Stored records
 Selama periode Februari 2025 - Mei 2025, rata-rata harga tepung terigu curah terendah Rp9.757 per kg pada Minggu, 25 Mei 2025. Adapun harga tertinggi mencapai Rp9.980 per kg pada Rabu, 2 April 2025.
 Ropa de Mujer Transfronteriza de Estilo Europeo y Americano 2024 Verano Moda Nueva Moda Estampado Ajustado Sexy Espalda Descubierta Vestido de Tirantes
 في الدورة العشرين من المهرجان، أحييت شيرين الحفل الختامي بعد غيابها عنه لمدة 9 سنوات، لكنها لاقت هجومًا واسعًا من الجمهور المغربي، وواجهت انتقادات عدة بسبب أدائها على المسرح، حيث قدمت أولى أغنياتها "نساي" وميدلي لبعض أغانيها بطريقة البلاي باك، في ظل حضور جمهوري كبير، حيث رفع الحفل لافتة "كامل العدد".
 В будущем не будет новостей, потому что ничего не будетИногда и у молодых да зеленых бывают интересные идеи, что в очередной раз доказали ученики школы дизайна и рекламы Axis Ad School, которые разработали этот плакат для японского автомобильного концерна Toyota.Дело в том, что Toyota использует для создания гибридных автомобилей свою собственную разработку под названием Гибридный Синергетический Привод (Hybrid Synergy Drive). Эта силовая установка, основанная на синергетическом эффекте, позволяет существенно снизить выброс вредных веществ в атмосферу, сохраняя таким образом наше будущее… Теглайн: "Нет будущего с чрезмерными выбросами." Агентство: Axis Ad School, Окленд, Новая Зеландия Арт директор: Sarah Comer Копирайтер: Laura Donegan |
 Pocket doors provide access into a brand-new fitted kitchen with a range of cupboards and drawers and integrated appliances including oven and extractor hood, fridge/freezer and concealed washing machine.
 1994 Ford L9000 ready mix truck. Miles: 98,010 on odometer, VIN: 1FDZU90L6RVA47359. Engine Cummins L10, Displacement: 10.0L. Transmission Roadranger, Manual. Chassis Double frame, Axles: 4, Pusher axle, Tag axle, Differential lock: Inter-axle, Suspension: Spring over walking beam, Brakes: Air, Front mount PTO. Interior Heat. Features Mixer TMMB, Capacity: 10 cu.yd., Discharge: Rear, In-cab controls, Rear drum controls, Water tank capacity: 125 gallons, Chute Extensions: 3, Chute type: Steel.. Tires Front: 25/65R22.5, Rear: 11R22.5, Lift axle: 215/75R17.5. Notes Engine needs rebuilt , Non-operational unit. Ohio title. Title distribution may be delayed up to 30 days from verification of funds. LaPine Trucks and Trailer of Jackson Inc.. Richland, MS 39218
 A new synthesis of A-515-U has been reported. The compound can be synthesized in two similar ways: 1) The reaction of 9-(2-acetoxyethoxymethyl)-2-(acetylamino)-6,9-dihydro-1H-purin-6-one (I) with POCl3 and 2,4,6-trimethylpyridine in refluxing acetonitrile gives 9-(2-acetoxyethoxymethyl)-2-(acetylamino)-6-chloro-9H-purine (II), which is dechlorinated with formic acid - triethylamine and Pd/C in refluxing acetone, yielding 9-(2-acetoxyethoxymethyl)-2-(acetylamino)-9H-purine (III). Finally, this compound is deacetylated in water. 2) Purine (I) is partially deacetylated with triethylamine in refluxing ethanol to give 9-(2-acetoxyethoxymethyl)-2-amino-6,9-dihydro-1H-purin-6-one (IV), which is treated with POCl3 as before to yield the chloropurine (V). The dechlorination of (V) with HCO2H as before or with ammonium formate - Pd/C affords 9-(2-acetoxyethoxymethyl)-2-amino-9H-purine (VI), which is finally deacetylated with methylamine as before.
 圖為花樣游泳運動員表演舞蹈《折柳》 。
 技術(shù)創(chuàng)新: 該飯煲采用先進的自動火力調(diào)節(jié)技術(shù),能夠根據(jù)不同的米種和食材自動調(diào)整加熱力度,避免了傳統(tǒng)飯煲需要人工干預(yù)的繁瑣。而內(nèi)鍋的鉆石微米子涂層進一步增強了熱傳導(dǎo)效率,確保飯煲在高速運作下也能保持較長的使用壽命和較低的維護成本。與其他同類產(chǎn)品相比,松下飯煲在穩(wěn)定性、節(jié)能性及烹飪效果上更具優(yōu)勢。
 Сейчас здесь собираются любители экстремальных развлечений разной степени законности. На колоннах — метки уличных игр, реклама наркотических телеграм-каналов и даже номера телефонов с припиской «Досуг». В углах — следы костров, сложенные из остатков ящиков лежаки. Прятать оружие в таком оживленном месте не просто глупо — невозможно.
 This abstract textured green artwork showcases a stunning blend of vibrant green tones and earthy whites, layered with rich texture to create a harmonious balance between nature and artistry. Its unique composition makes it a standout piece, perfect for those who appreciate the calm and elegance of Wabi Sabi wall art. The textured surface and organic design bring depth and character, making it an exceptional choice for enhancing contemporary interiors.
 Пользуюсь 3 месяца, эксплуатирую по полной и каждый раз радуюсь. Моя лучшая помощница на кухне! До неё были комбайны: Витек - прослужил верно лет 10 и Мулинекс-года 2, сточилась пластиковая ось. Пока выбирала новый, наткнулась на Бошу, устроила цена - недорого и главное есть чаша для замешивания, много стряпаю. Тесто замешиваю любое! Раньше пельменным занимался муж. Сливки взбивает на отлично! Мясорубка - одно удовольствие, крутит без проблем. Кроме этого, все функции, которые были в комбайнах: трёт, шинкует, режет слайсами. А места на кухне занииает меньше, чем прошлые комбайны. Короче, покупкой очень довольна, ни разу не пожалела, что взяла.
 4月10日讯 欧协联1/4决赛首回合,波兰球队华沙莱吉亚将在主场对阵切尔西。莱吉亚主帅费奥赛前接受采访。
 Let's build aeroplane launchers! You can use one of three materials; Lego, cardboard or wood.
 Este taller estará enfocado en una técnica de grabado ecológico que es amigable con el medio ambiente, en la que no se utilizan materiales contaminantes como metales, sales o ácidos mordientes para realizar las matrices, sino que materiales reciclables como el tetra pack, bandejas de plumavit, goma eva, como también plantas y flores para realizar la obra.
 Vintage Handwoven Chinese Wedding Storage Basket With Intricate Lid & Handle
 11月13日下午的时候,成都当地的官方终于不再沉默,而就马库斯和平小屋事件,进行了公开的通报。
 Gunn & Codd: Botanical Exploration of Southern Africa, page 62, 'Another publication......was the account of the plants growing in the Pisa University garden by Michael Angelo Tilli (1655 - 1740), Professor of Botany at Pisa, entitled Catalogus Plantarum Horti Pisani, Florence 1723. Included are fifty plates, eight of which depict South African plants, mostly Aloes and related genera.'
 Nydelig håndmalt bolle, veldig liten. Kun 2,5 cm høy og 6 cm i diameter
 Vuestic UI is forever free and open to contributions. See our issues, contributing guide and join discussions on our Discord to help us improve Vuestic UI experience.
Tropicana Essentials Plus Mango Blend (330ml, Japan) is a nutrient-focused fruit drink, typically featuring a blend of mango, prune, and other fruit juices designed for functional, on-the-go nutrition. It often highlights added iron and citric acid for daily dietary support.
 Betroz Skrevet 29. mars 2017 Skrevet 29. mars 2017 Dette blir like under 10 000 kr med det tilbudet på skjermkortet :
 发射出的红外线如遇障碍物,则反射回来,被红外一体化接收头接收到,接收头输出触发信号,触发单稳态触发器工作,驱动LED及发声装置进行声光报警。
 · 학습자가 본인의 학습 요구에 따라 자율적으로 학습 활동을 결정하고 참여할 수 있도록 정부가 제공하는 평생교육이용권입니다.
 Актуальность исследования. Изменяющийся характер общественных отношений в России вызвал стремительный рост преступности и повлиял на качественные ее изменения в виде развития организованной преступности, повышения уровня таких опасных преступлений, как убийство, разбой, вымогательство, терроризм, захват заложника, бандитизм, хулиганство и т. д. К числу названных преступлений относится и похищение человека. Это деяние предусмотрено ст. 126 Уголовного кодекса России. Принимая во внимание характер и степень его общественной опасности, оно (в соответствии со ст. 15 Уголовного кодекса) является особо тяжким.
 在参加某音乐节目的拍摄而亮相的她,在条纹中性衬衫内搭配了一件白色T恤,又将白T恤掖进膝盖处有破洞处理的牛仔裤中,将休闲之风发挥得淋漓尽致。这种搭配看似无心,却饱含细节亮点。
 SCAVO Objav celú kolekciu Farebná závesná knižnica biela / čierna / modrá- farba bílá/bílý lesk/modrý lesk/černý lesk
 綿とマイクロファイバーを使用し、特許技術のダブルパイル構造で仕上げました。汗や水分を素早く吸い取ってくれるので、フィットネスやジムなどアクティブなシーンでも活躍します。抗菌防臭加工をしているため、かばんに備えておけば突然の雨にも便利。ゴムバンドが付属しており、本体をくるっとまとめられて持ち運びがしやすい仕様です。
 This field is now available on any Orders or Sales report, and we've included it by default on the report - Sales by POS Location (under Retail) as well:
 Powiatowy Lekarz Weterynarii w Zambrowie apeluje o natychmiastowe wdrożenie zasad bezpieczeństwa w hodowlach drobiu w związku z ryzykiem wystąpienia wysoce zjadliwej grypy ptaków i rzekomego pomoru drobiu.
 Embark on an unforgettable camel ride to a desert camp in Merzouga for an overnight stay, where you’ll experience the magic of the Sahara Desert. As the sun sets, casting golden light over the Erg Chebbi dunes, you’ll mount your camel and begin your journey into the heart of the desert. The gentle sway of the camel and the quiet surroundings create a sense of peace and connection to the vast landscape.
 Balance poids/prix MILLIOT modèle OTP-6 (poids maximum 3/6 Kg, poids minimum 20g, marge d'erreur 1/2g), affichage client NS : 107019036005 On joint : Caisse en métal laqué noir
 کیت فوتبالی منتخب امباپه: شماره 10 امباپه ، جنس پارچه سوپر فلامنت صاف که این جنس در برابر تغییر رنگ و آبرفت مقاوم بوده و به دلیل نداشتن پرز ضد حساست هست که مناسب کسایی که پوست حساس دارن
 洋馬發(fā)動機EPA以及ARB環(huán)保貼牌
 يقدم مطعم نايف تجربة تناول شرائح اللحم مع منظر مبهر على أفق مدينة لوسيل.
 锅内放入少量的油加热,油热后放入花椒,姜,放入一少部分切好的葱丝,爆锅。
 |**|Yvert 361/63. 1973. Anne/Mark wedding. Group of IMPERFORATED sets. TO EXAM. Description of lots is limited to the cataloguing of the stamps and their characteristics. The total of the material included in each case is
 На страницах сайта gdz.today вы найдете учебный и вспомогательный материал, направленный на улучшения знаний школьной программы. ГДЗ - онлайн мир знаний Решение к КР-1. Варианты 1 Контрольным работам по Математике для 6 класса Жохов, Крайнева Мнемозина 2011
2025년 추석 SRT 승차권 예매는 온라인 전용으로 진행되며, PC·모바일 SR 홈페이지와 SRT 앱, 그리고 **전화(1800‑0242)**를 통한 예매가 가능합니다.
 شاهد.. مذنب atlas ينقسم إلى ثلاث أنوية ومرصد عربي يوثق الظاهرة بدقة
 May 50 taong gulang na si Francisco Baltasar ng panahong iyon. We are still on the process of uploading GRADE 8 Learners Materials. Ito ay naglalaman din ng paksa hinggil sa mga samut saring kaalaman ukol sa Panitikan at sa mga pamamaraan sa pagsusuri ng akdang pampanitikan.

▶ **Task to complete**
Each line from the one containing "يقدم مطعم نايف" through the final line of the records must be repeated exactly, with no line added or dropped.

▶ **Solution**
 يقدم مطعم نايف تجربة تناول شرائح اللحم مع منظر مبهر على أفق مدينة لوسيل.
 锅内放入少量的油加热,油热后放入花椒,姜,放入一少部分切好的葱丝,爆锅。
 |**|Yvert 361/63. 1973. Anne/Mark wedding. Group of IMPERFORATED sets. TO EXAM. Description of lots is limited to the cataloguing of the stamps and their characteristics. The total of the material included in each case is
 На страницах сайта gdz.today вы найдете учебный и вспомогательный материал, направленный на улучшения знаний школьной программы. ГДЗ - онлайн мир знаний Решение к КР-1. Варианты 1 Контрольным работам по Математике для 6 класса Жохов, Крайнева Мнемозина 2011
2025년 추석 SRT 승차권 예매는 온라인 전용으로 진행되며, PC·모바일 SR 홈페이지와 SRT 앱, 그리고 **전화(1800‑0242)**를 통한 예매가 가능합니다.
 شاهد.. مذنب atlas ينقسم إلى ثلاث أنوية ومرصد عربي يوثق الظاهرة بدقة
 May 50 taong gulang na si Francisco Baltasar ng panahong iyon. We are still on the process of uploading GRADE 8 Learners Materials. Ito ay naglalaman din ng paksa hinggil sa mga samut saring kaalaman ukol sa Panitikan at sa mga pamamaraan sa pagsusuri ng akdang pampanitikan.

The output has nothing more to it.